- _EXERCISE REQUIREMENTS_: With pictures left out, set down exactly the lines from the line containing "arreglo con 12" through the last line of the data.

═════ INPUT DATA ═════

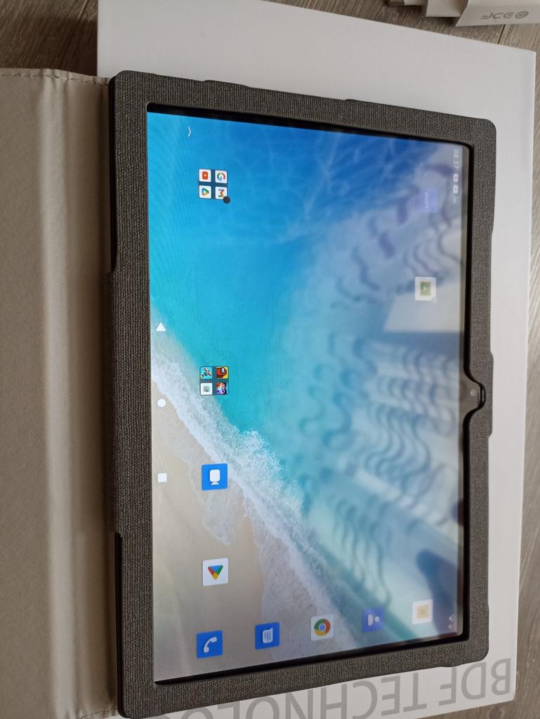 The tablet is super, the case has slight defects, it extends beyond the edge when operating on the screen, it binds the edges of the case interfere with perfect control
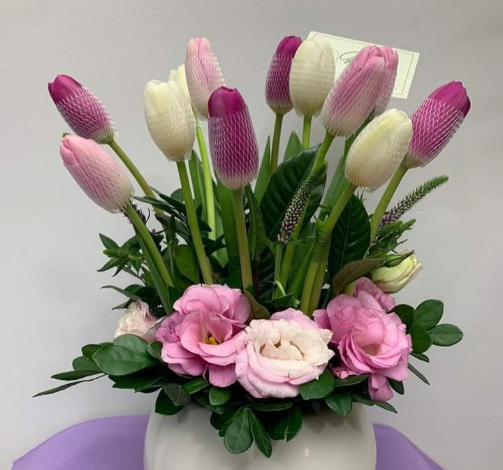 arreglo con 12 tulipanes tonos pastel costo 180 soles comunicarse al whatsapp 993182828
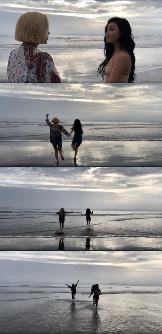 공개된 영상 속에는 화사와 휘인이 손을 잡고 함께 바다로 뛰어드는 모습이 담겼다. 그림 같은 하늘과 역광에 실루엣만 드러나는 둘의 모습이 단연 눈에 띈다. 동갑내기 화사와 휘인의 남다른 우정이 엿보여 영상을 보는 이들도 훈훈함을 느끼게 한다.

═════

- _ANSWER SPACE_:
 arreglo con 12 tulipanes tonos pastel costo 180 soles comunicarse al whatsapp 993182828
 공개된 영상 속에는 화사와 휘인이 손을 잡고 함께 바다로 뛰어드는 모습이 담겼다. 그림 같은 하늘과 역광에 실루엣만 드러나는 둘의 모습이 단연 눈에 띈다. 동갑내기 화사와 휘인의 남다른 우정이 엿보여 영상을 보는 이들도 훈훈함을 느끼게 한다.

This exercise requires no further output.